The Brexit spectacle

Thomas Watts

In his 1973 essay Approaches to What? French philosopher and writer Georges Perec contemplated humanity’s obsession with spectacle:


“What speaks to us, seemingly, is the big event…the front-page splash. The daily newspapers talk of everything but the daily.”

In our haste to measure what can be considered as historical or extraordinary, we can forget to take in the quotidian “infra-ordinary”. Perhaps such a malaise can be best characterised, in financial terms at least, by the domestic economy, where despite the prominent events in Westminster, UK plc continues to exhibit a certain robustness. With new Prime Minister Boris Johnson grabbing the headlines for his resolute “do or die” strategy of leaving the EU by 31 October, much has been made of the hurdles he, like his predecessor, has faced within government.
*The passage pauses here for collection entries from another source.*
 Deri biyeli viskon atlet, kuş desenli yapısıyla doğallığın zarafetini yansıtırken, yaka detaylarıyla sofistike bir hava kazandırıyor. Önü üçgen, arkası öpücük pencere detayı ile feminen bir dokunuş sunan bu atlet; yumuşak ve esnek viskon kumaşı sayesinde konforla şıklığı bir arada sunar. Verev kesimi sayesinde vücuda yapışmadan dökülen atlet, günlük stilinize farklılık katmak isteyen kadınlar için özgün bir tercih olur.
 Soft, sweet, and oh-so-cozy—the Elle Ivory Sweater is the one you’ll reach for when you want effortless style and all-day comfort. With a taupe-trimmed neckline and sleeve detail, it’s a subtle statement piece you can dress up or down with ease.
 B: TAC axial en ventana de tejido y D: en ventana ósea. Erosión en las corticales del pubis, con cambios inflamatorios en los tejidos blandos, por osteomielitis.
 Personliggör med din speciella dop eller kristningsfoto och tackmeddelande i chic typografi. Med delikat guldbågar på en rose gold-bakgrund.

Mr. Johnson has made it abundantly clear since the genesis of his tenure that his administration, despite a now non-existent majority, will not be “held to ransom” by MPs. Any Conservatives that voted against the party line on being able to leave the EU without a deal have now been de-selected, including ex-Chancellor Philip Hammond. The beginning of September has also seen both the electorate and news broadcasters alike scrambling for their political dictionaries to check a word that had remained buried at the back of even the most knowledgeable commentator’s lexicon; prorogation. Although the courts have now ruled the closure of parliament for five weeks unlawful, we must wait to see if a potentially reconvened parliament can break the impasse with the clock running down.
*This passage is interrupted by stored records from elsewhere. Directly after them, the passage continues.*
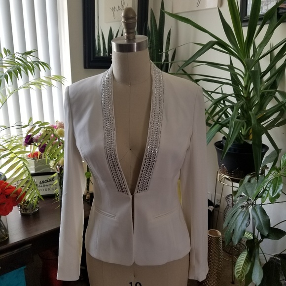 NEVER WORN W/TAG. White crisp blazer with clean lines, quality material, satin lining, and silver studs around the neckline. Great for work, an evening out, or dressing up a weekend look. This little blazer is still very trendy and current, while having the classic Cache fit and quality!
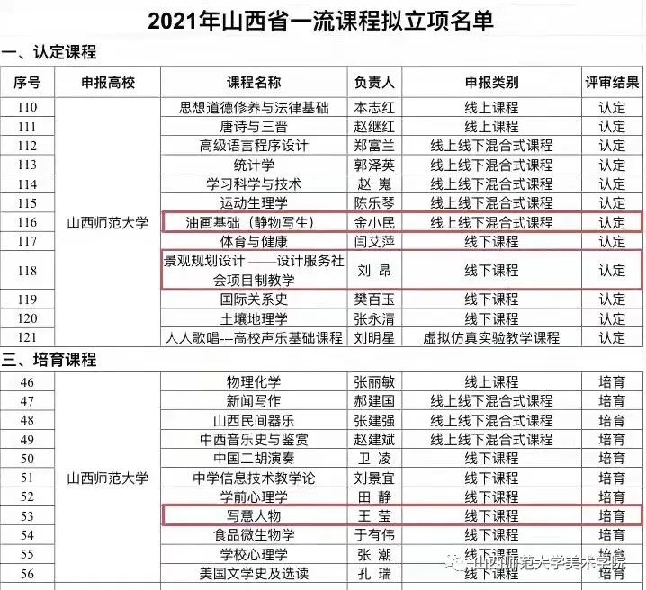 院长金小民教授《油画基础(静物写生)》获批山西省线上线下混合式一流课程;王莹副教授《写意人物》获批山西省线下培育课程;青年教师刘昂《景观规划设计—设计服务社会项目制教学》获批山西省线下一流课程。
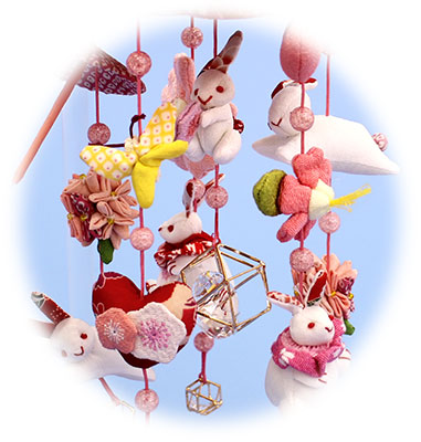 つるし雛ケース飾り 高さ33cm ウサギっこさら 白桜 アクリルケース入りの可愛いコンパクトサイズ
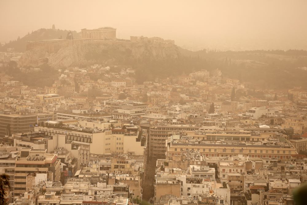 Το φαινόμενο, που προέρχεται από την έρημο της Σαχάρας, έχει «σκεπάσει» εμβληματικά σημεία της πόλης, με τον Παρθενώνα και τον Λυκαβηττό να διακρίνονται μόλις αχνά μέσα στη θολούρα.
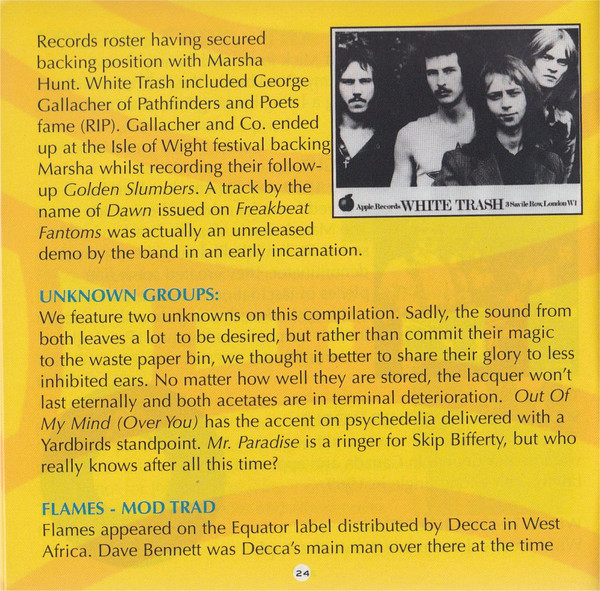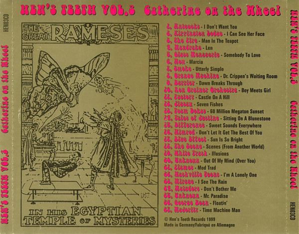 Hen’s Teeth delved into the archives again with Hen’s Teeth Vol. 3: Catherine on the Wheel [HEN03CD], released in ’99, with the 27th track, Mr. Paradise, only latterly rumored to be accreditable to Strange Brew. A five CD compilation of remastered psychedelia was released by Rubble [RUBCDBOX2] on 9 March 2015, titled: A Herbal Mixture of Psychedelic Remedies and Freakbeat Fantoms. This also carried Mr. Paradise, still accredited to unknown.
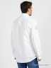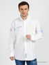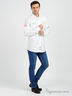 Стильная рубашка из тонкого, плотного хлопкового материала с добавлением эластана. Стояче-отложной ворот, с пристегивающимися на пуговицы кончиками. Застежка на планку с пуговицами. Длинные рукава с манжетами на пуговицах. На полочках и рукавах красочные вышивки. Отличный вариант на каждый день.
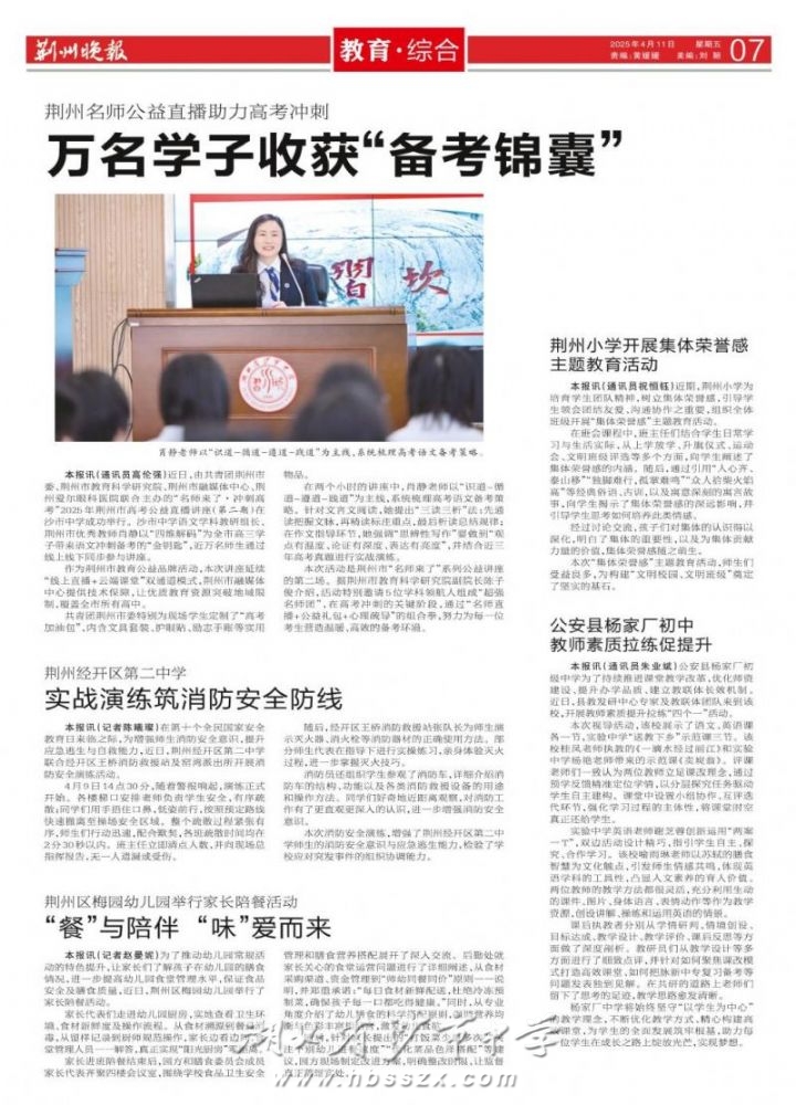 《荊州晚報》2025年4月11日報道我校肖靜老師主持2025年荊州名師公益直播活動
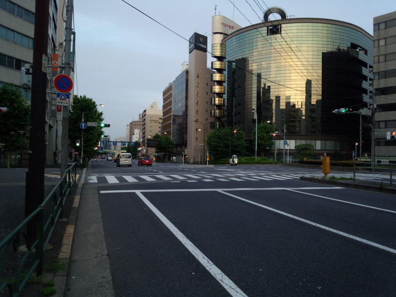 地図JRの高架群を潜って100m程でR4昭和通りとの交差の岩本町交差点。
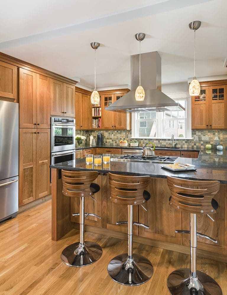The owners of an 1880s Victorian in Arlington returned to Feinmann to reconfigure their first floor, connecting the old, small kitchen with the existing dining room. They asked for a large island with seating and a walk-in pantry as part of the renovation. The wall between the kitchen and dining room was removed to create a more open floor plan. Feinmann had previously created a new, award-winning master bathroom and family bathroom for this client. As their family continued to grow, they began planning their next big project. Additional requests included providing access to the backyard and refinishing the back ... read moreChef’s Kitchen

With fears over a no-deal Brexit still driving domestic markets, it would seem that time is now very much at a premium, a concern acknowledged on both sides as the European Commission President, Jean-Claude Juncker, admitted that there is “very little time remaining” to secure a final agreement.

They say time is money; in this case quite literally with sterling acting as a key Brexit Barometer, charting the ebbs and flows of negotiations. Taking its cues from the usual cocktail of ministerial votes, murmurings in Brussels and political soundbites, the pound has been rangebound between $1.20 and $1.30 since the summer months[1].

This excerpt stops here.